For this rally to continue, jobs are going to have to start being created...and fast. Kelly believes job growth should be restored in the first quarter of 2010 if the trend shown above continues down a similar path. He's been generally cautious on the market lately though as he's awaiting a sign that trend will in fact continue.

Smart investors such as Richard Bernstein and Dennis Gartman watch the weekly jobless claims for an even more immediate status report on the job market. The problem is that from week to week that data can vary so you have to look at the trend there as well.

Looking at the correlation of that data to the stock market, these folks agree with Kelly that the belief some have about a magic "jobless recovery" that lifts stocks is just hooey.

Seabreeze Partners' Doug Kass, who nailed the March bottom in the S&P 500, believes that the jobs we are seeing lost may be gone for a long time and while the trend lately has been fewer job losses, that may soon reverse.

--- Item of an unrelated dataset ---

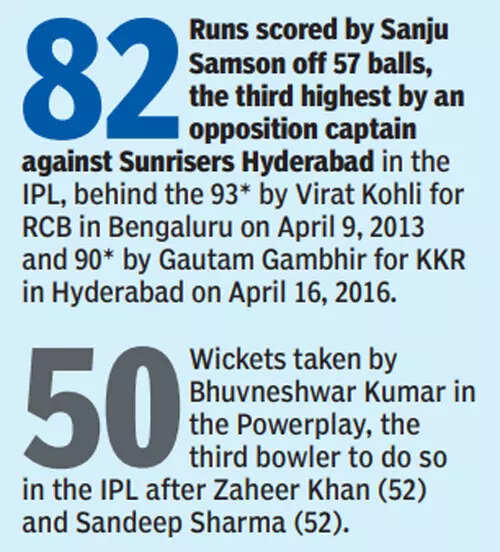 Having seen the damage Harshal Patel wreaked on Sunday with slower deliveries, the Sunrisers’ bowlers utilised them well. But RR captain Samson was in a different zone as the last two overs of Rashid Khan fetched 20 runs.

"We face a structural rise in unemployment that the markets have not yet accepted," wrote Kass, in his note today. This is not leading him to expect a return to the March lows, but he's taking profits and going short now in anticipation of a sizeable pullback.

The trading lesson here comes best from George Thorogood, if the landlady (the stock market) soon finds out this country "can't find no job", don't keep buying stocks, buy "one bourbon, one scotch and one beer."